The answer, somewhat to my surprise, is that he apparently can’t.

“I don’t take back anything that I’ve said,” Dawkins said from a shady spot in the leafy backyard of one of his Bay Area supporters. “I would not say it again, however, because I am now accustomed to being misunderstood and so I will … ”

 

He trailed off momentarily, gazing at his hands resting on a patio table.

 

“I feel muzzled, and a lot of other people do as well,” he continued. “There is a climate of bullying, a climate of intransigent thought police which is highly influential in the sense that it suppresses people like me.”

I’ve never personally faced a barrage of criticism like the ones Dawkins has been subjected to over his tweets. I’m sure it’s uncomfortable, even distressing, if one isn’t either inured to that sort of thing or just naturally thick-skinned and/or combative. The fact that much of the criticism is coming from atheistic humanists, Dawkins’ own tribe, must be an aggravating factor. Perhaps Dawkins is even wondering whether some “misunderstood” remark on his part might lead to the kind of shameful ostracism that James Watson was subjected to when he dared to suggest that intelligence might not be equally distributed across all human racial groups – surely a hypothesis to be tested, rather than a heresy to be quashed. Dawkins, to his immense credit, objected at the time to the way Watson was being treated.

The bright side, however, is that the intransigent thought police actually have no badges. Watson hasn’t been thrown in jail, lynched, burned at the stake, or even reduced to penury (unless the definition of penury is having to sell one’s Nobel Prize in order to be able to afford paintings by some bloke called David Hockney).

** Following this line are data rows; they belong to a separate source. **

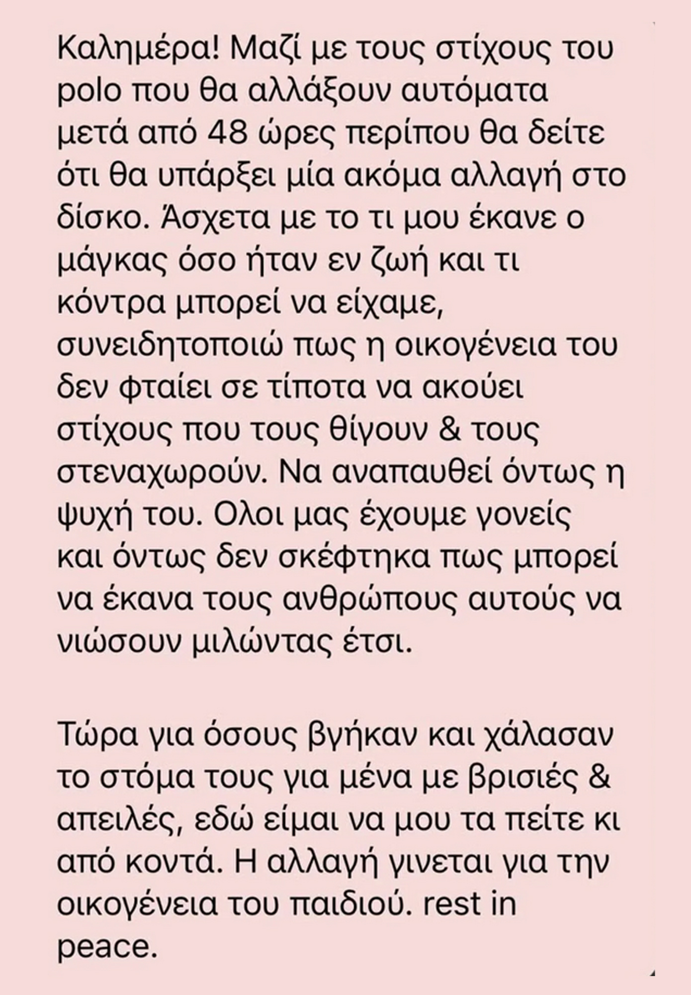 «Καλημέρα! Μαζί με τους στίχους του Polo που θα αλλάξουν αυτόματα μετά από 48 ώρες περίπου θα δείτε ότι θα υπάρξει μία ακόμα αλλαγή στο δίσκο. Άσχετα με το τι μου έκανε ο μάγκας όσο ήταν εν ζωή και τι κόντρα μπορεί να είχαμε, συνειδητοποιώ πως η οικογένεια του δεν φταίει σε τίποτα να ακούει στίχους που τους θίγουν & τους στεναχωρούν. Να αναπαυθεί όντως η ψυχή του. Όλοι μας έχουμε γονείς και όντως δεν σκέφτηκα πως μπορεί να έκανα τους ανθρώπους αυτούς να νιώσουν μιλώντας έτσι.Τώρα για όσους βγήκαν και χάλασαν το στόμα τους για μένα με βρισιές & απειλές, εδώ είμαι να μου τα πείτε κι από κοντά. Η αλλαγή γίνεται για την οικογένεια του παιδιού. rest in peace», αναφέρει ο Light.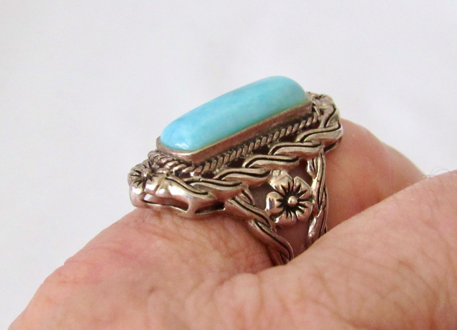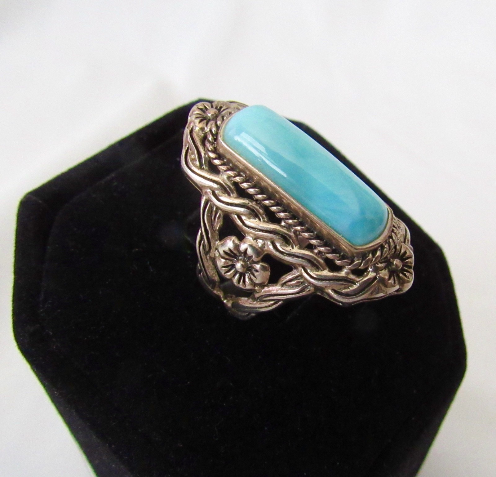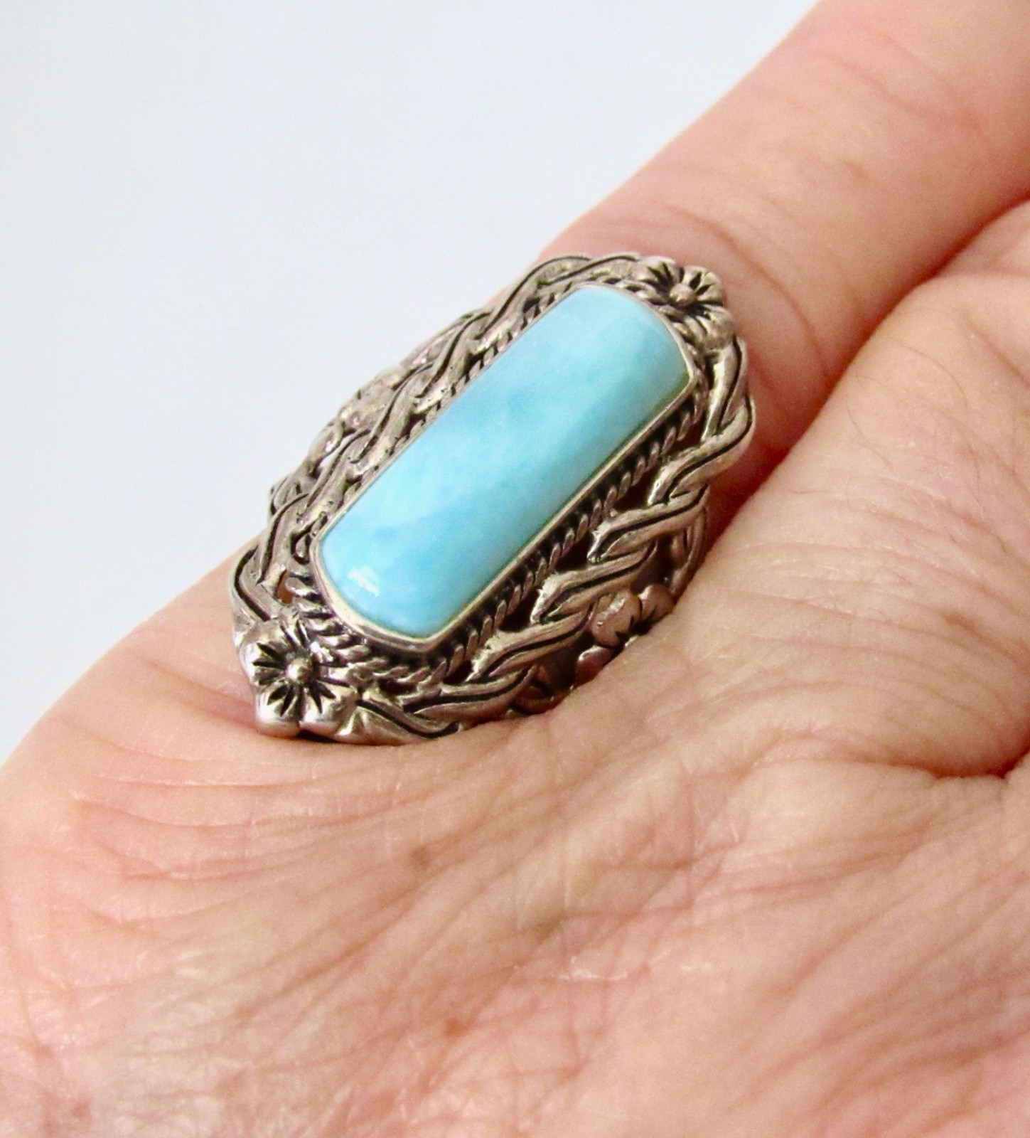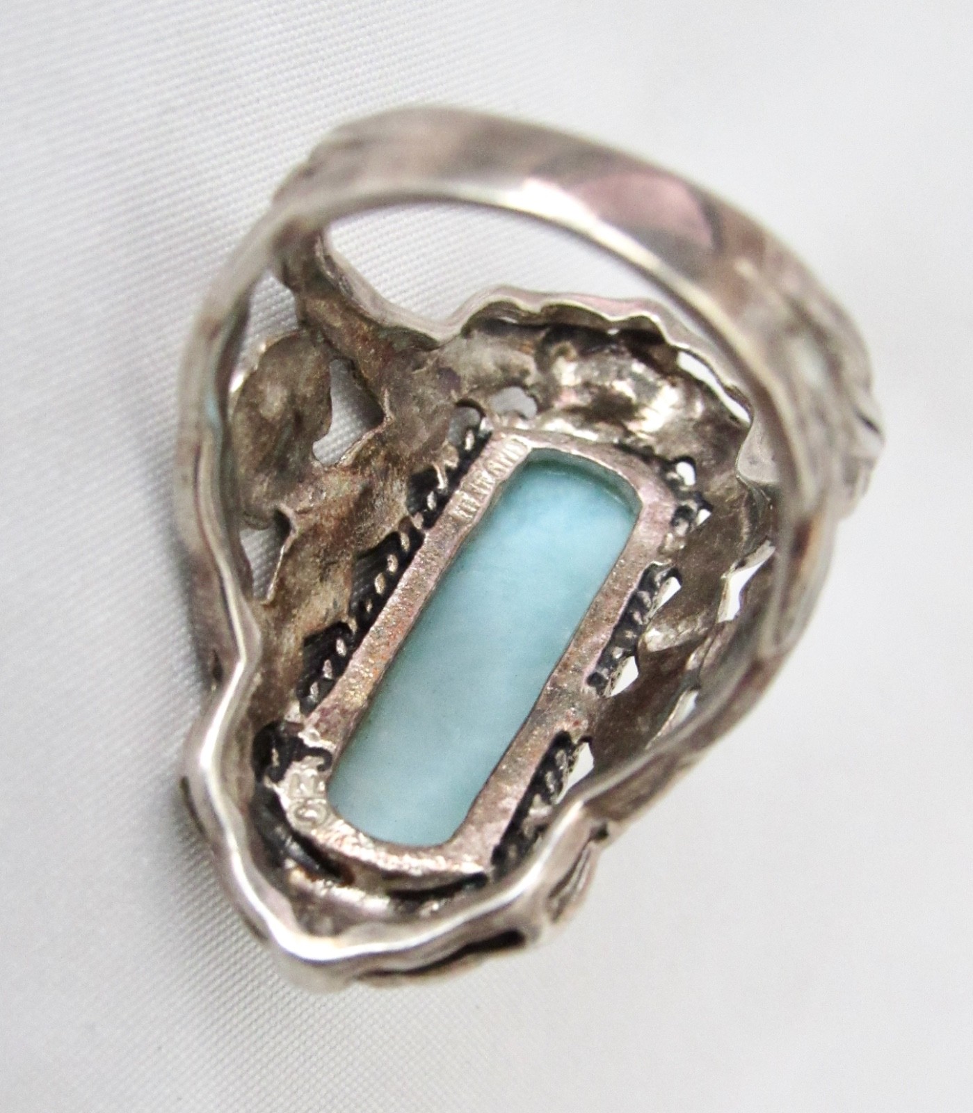 925 Sterling Silver Larimar Ring Sz 7.5 - 7.4 grams Gorgeous Design L K WoW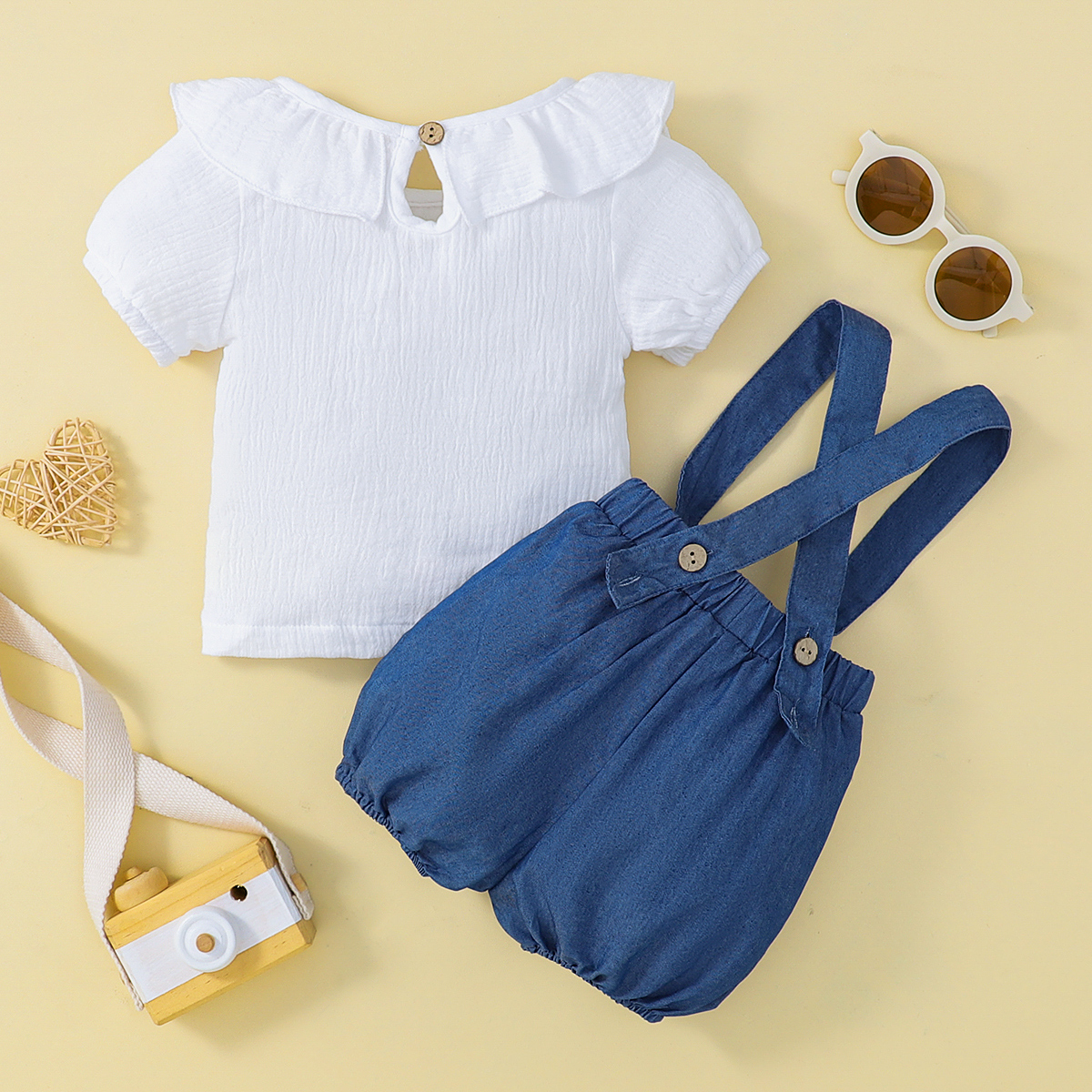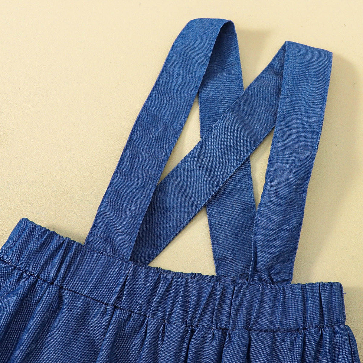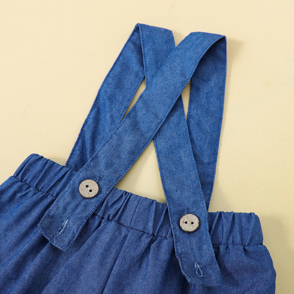hibobi Girl Baby Solid Ruffled Denim Strappy Trousers Set Wholesale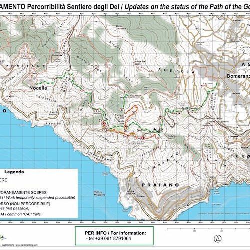 Sono in corso in questi giorni importanti interventi di messa in sicurezza sul Sentiero degli Dei, uno degli itinerari escursionistici più noti e frequentati della Costiera Amalfitana. I lavori, disposti dal Comune di Agerola, hanno reso necessaria la chiusura temporanea di alcuni tratti del percorso.

It’s ridiculous that so many influential people and organizations have been treating him as persona non grata, but ultimately the intransigent thought police – insufferable and irritating as they can be – haven’t been able to really hurt him. Equally, I doubt they could hurt Dawkins.

Those of us that aren’t eminent semi-retired scientists may have slightly more to fear, but even so my feeling is that if Dawkins feels muzzled we all ought to show solidarity by being a little more vocal with our controversial thoughts than feels strictly comfortable – and surely the only people who don’t have a few controversial thoughts are inveterate conformists. Standing up to the intransigent thought police is an entirely worthwhile activity, given that we all benefit when ideas are judged and debated on their merits rather than on the basis of how many huffy Tweeters find them objectionable.

I’ll do my best to be a little more vocal on Canadian Atheist from now on, but for the moment I think I’ll just say that the contents of Dawkins’ Twitter feed sound pretty reasonable to me. Of course some kinds of rape and paedophilia, like some kinds of literally anything unpleasant, are mild compared to others. I wouldn’t be as categorical as Dawkins was about the moral desirability of aborting foetuses afflicted with Down’s syndrome, but I can certainly see his point. It’s difficult enough to build a fulfilling and meaningful life without being burdened with something as debilitating as an extra 21st chromosome, and there’s something inescapably callous and self-indulgent about knowingly thrusting an innocent foetus that does carry such a burden into the Sturm und Drang of life outside the womb. So there, thought police.